**Supplied records**
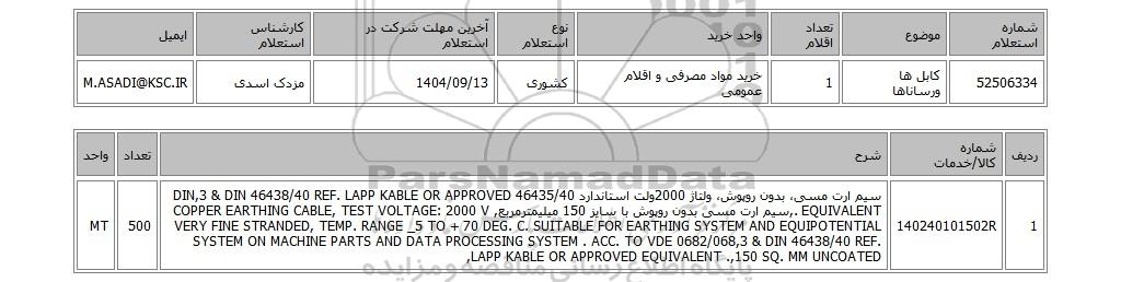 | 52506334 | کابل ها ورساناها | 1 | خرید مواد مصرفی و اقلام عمومی | کشوری | 1404/09/13 | مزدک اسدی | M.ASADI@KSC.IR |
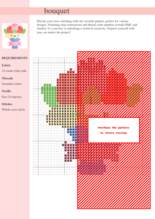 Stitch a breathtaking floral masterpiece with our “Vibrant Bouquet” cross stitch pattern! This easy-to-follow PDF pattern includes both DMC and Anchor thread charts, making it perfect for all skill levels. Download instantly and start stitching your vibrant creation! Ideal for home décor, gifts, or simply enjoying the therapeutic process of cross-stitching.
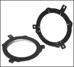 11. Speakers: Mounting templates Back to Accessories index Templates for mounting 6.5" round speakers into 6x9 factory front door openings (1999-2004 WJ). Several companies sell generic adaptor plates for fitting 6.5 inch speakers into a 6x9 openings. If you are planning to install a component set of speakers, some of these adaptors do not provide room for the separate tweeter and custom plates must be cut. Scosche now makes an injection molded adaptor that will allow for both the 6.5" speaker and a component tweeter - P/N 142 SA69. They also make one for the rear 6.5" speakers - P/N 142 SAC656. Even though aftermarket speakers will fit directly into the rear door holes, using the adaptor is easier and also a better fit for mounting the speaker. See Front door speaker installation and Rear door speaker installation.
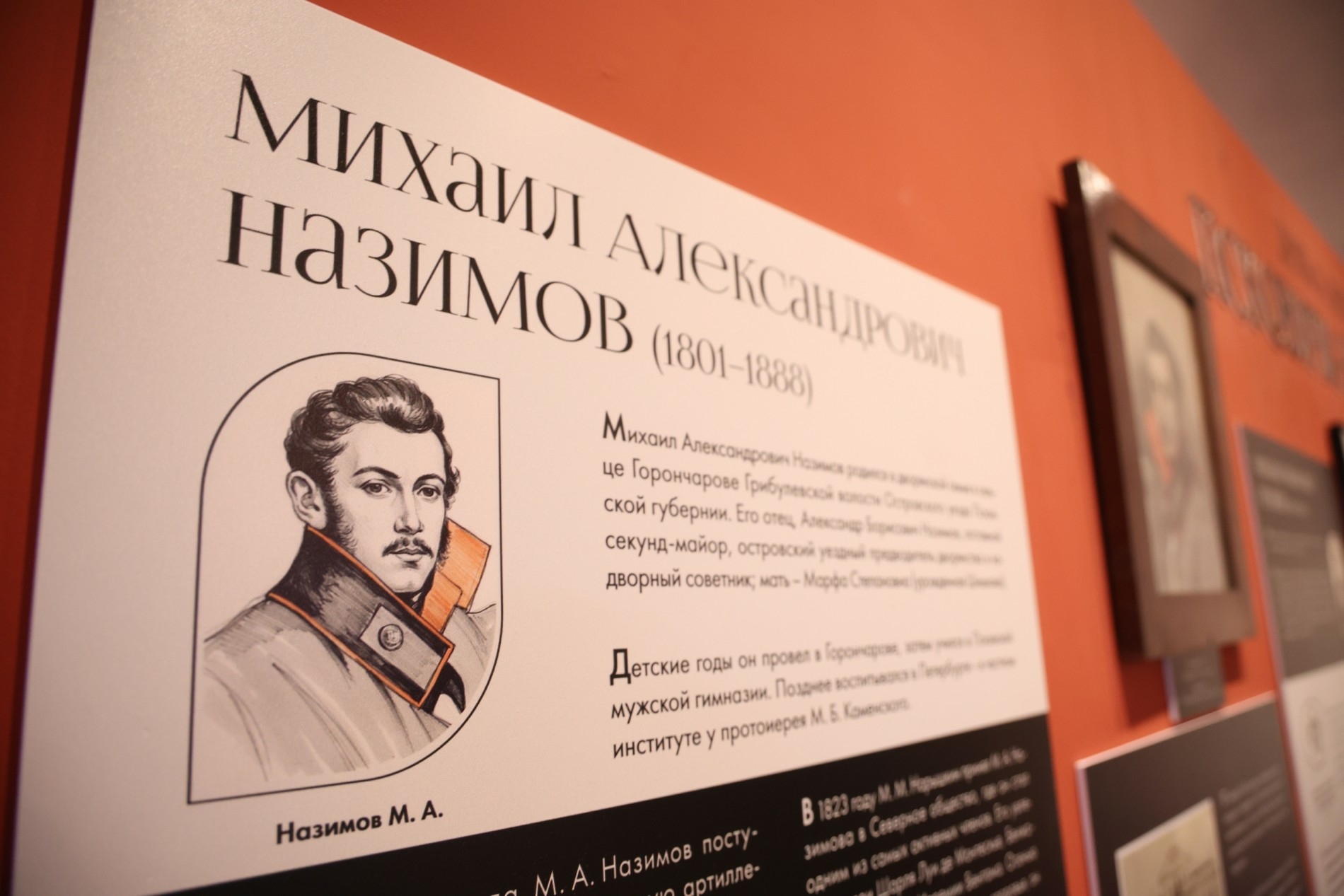 Центральным экспонатом выставки станет акварельный портрет М.А. Назимова кисти Надежды Ильиничны Назимовой – племянницы декабриста, дочери инженер-полковника Ильи Александровича Назимова. Экспонат был передан в музей в 1974 г. внучатыми племянницами Михаила Александровича – Н.А. и К.А. Баулер. Кроме того, на выставке вы сможете увидеть другие вещи из фонда Назимовых: фотографии, оригинальная рама с портретом жены М. А. Назимова Варвары Яковлевны Подкользиной, письмо Марии Ильиничне Назимовой (Баулер) с подписью Михаила Александровича.
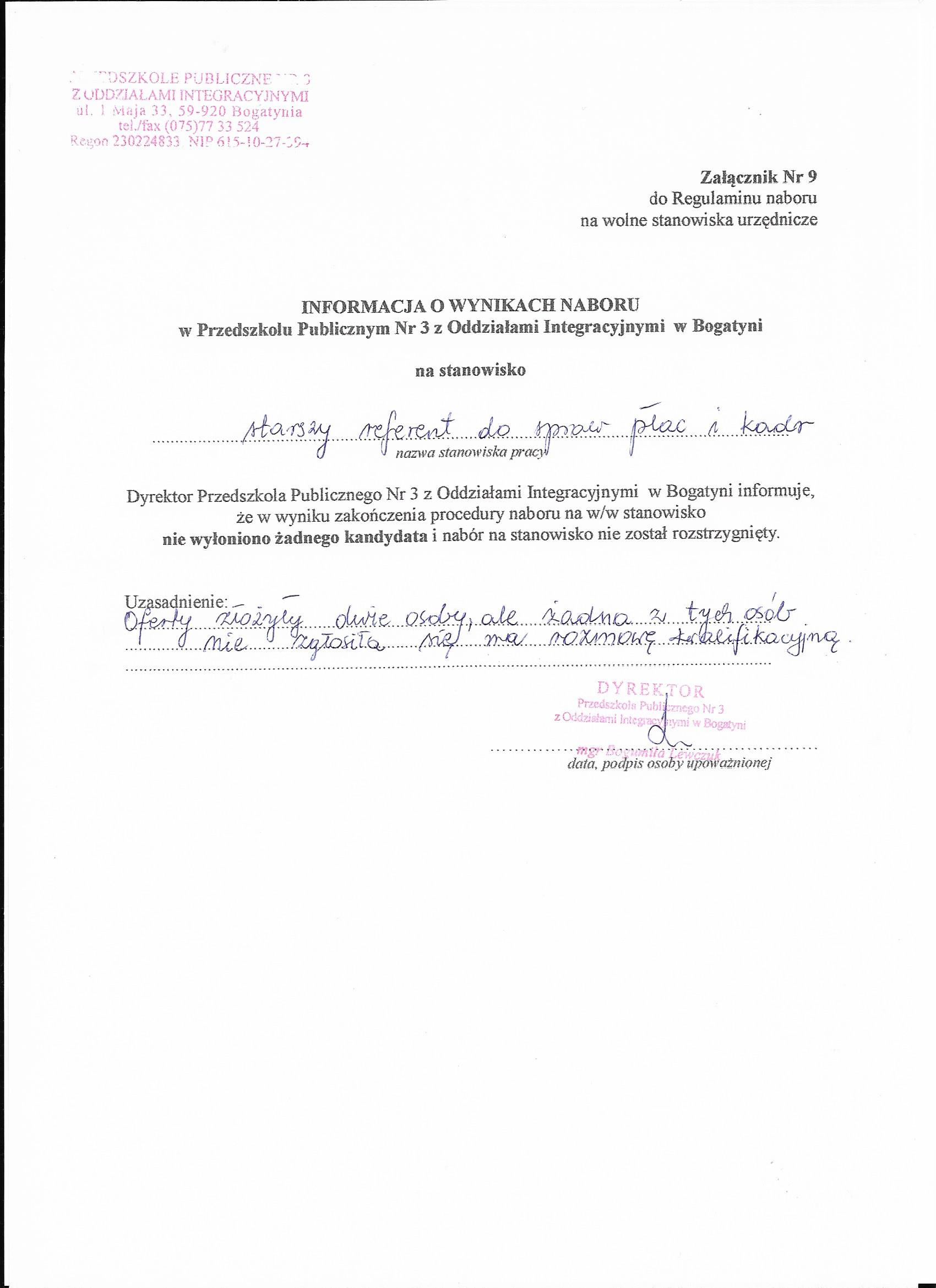 Dyrektor Przedszkola Publicznego Nr  3 z Oddziałami Integracyjnymi  w Bogatyni ogłasza nabór  na stanowisko : starszy referent ds. płac i kadr

**Goal of the exercise**
Reproduce, with no pictures, the lines from the one containing "Центральным экспонатом выставки" to the end of the records above, exactly and inclusively.

**Response for this exercise**
 Центральным экспонатом выставки станет акварельный портрет М.А. Назимова кисти Надежды Ильиничны Назимовой – племянницы декабриста, дочери инженер-полковника Ильи Александровича Назимова. Экспонат был передан в музей в 1974 г. внучатыми племянницами Михаила Александровича – Н.А. и К.А. Баулер. Кроме того, на выставке вы сможете увидеть другие вещи из фонда Назимовых: фотографии, оригинальная рама с портретом жены М. А. Назимова Варвары Яковлевны Подкользиной, письмо Марии Ильиничне Назимовой (Баулер) с подписью Михаила Александровича.
 Dyrektor Przedszkola Publicznego Nr  3 z Oddziałami Integracyjnymi  w Bogatyni ogłasza nabór  na stanowisko : starszy referent ds. płac i kadr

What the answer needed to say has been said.